Ora, assim não procedeu a recorrente, nem então, nem tão pouco após ser notificada do segundo requerimento com o mesmo teor, nem mesmo na sequência das notificações das decisões em que o Tribunal a quo se pronunciou sobre tais requerimentos. Daí que, sem cuidar agora de saber se lhe assistia razão, ou não, o certo é que a recorrente deixou precludir o direito de suscitar a questão do alegado impedimento do Senhor perito médico para intervir no exame por junta médica.
Por conseguinte, embora o tribunal a quo tenha apreciado o requerimento sem cuidar de ter em conta o disposto no art.º 471.º n.º1, do CPC, logo por essa razão, sempre seria de desatender a alegada nulidade da intervenção no exame por junta médica do Senhor Perito Médico indicado pelo sinistrado.

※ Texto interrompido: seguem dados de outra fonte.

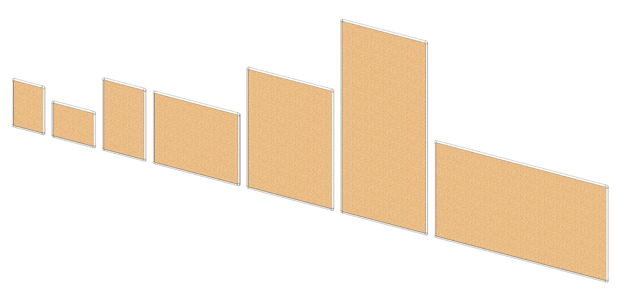 The collection contains a wall mounted noticeboard and whiteboard from manufacturer Bi-Office and a smart board from Smart Technologies. All of these "board" Revit families contain a variety of sizes. The whiteboards also have a selection of finishes to choose from including ceramic, lacquered and non-magnetic.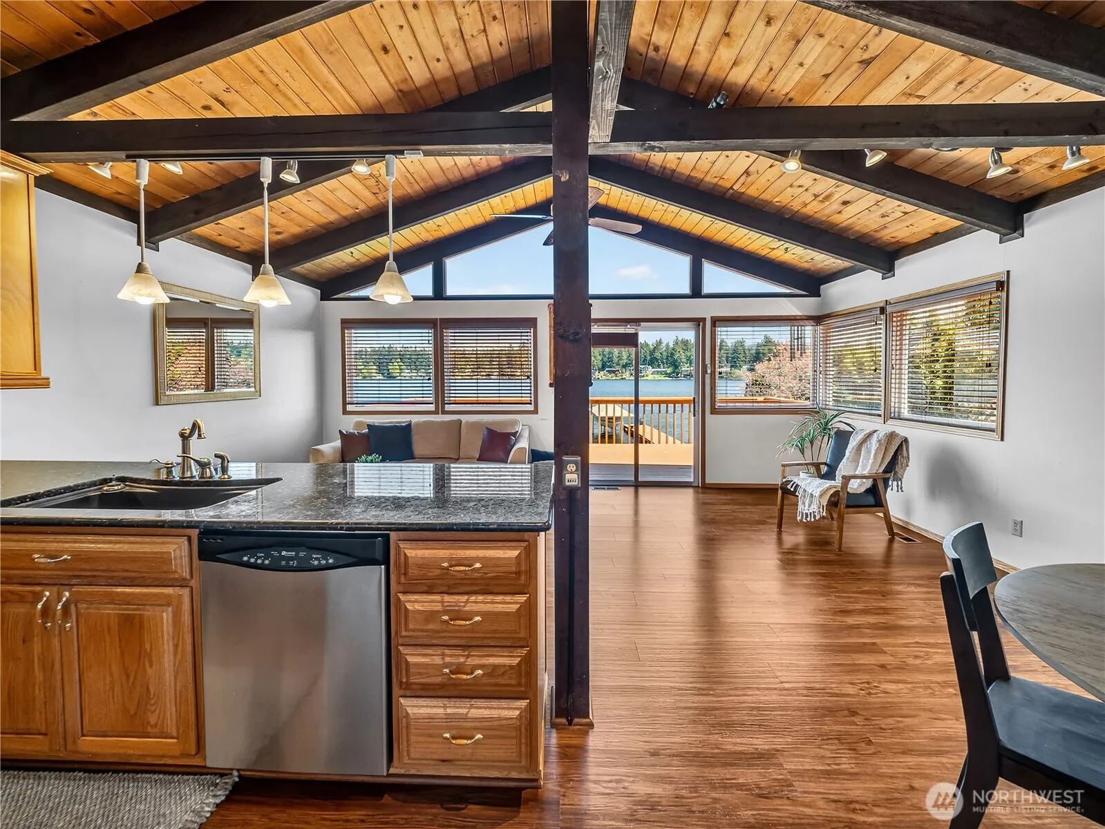 Enjoy summer on 52 feet of Lake Sawyer waterfront, featuring a dock and covered boat lift. This 2,140 sq. ft., 4-bedroom, 2-bath home sits on an 11,306 sq. ft. lot with a spacious, lake-level yard and fire pit. The open layout includes a vaulted beam kitchen, dining area, and lake-view living room with deck access. A secondary living room also opens to the deck. The updated kitchen offers stainless steel appliances, a 5-burner gas stove, and slab granite countertops. Three bedrooms and a full guest bath are located on the main floor, while the primary suite upstairs includes a walk-in closet and private bath with a jetted tub shower combo. Recent upgrades include a new 50-year PABCO Premier roof (April 2026), updated vinyl windows, and LVP flooring throughout the main level. Major addition done in 1991 included all new wiring, plumbing & windows. The home has a gas forced air furnace and gas water heater, plus over 400 sq. ft. of unfinished daylight basement. Ample off-street parking and mature garden beds complete the property. Beautifully maintained by the owners for 52 years.

Mas ainda que assim não se entendesse, não assistiria razão à recorrente nos argumentos que opõe à decisão recorrida.
O exame por junta médica inscreve-se no âmbito da denominada prova pericial, regendo-se para além do disposto naquela norma, também pelas que no Código de Processo Civil disciplinam este meio de prova (artigos 467.º e seguintes do CPC).
A prova pericial tem por objecto, conforme estatuído no art.º 388.º do CC “(..) a percepção ou apreciação de factos por meio de peritos, quando sejam necessário conhecimentos especiais que os julgadores não possuem” ou quando os factos “relativos a pessoas, não devam ser objecto de inspecção judicial”.

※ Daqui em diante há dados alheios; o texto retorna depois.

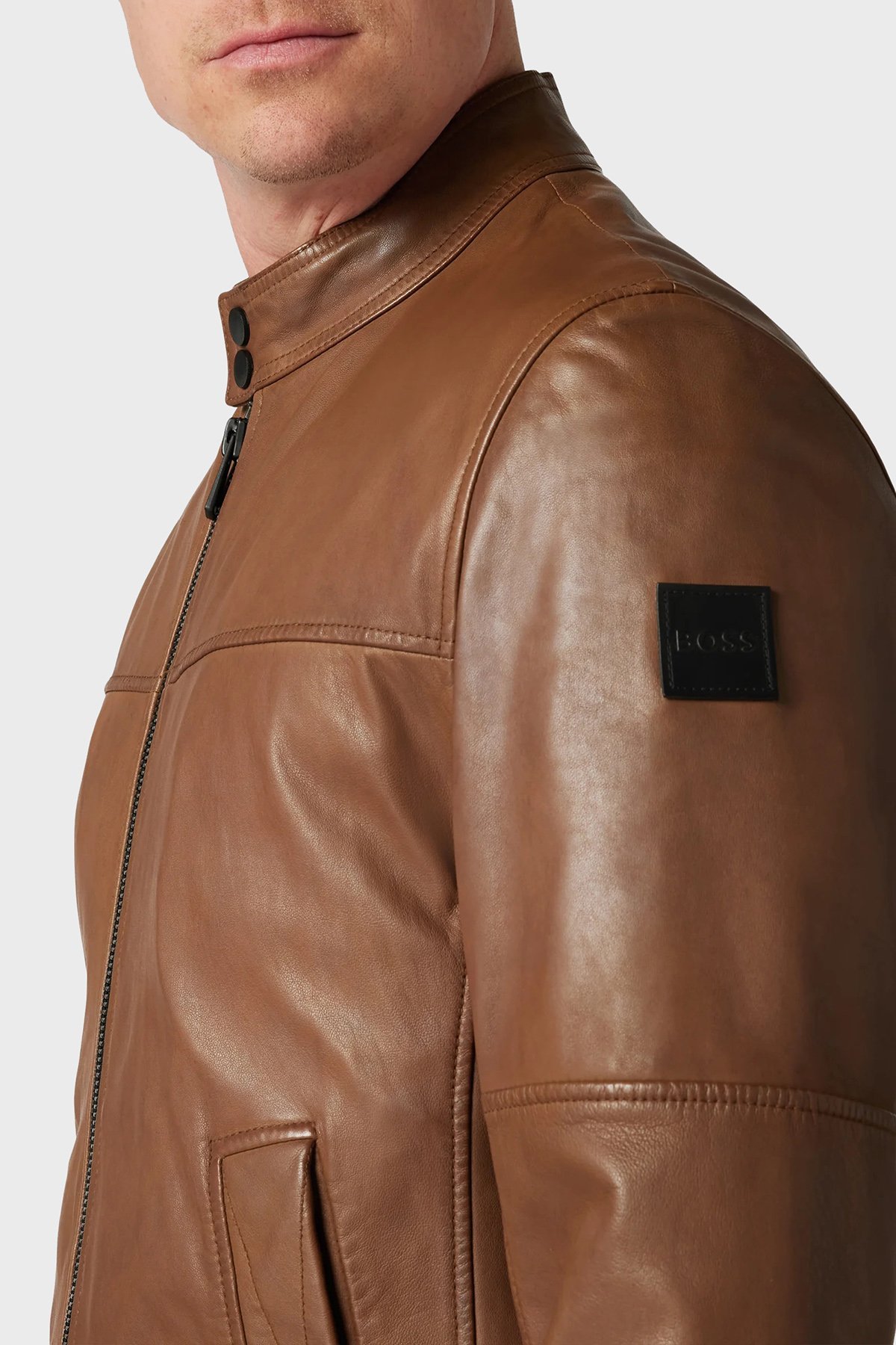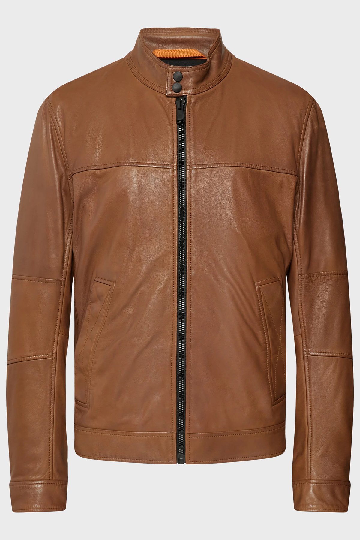 Dik Yaka Fermuarlı Cepli Regular Fit Erkek Deri Ceket 50482227 217 KAHVE

Recorrendo à lição do Professor Alberto dos Reis, elucida este que “O verdadeiro papel do perito é captar e recolher o facto para o apreciar como técnico, para emitir sobre ele o juízo de valor que a sua cultura especial e a sua experiência qualificada lhe ditarem” [Código do Processo Civil Anotado Vol. IV, Coimbra Editora, Reimpressão, 1987, pp. 171].
A sua função é a de “auxiliar do tribunal no julgamento da causa, facilitando a aplicação do direito aos factos”, não impedindo tal que seja “um agente de prova e que a perícia constitua um verdadeiro meio de prova” [Antunes Varela, J. Miguel Bezerra e Sampaio e Nora, Manual de Processo Civil, 2.ª Edição, Coimbra Editora, 1985, pp. 578].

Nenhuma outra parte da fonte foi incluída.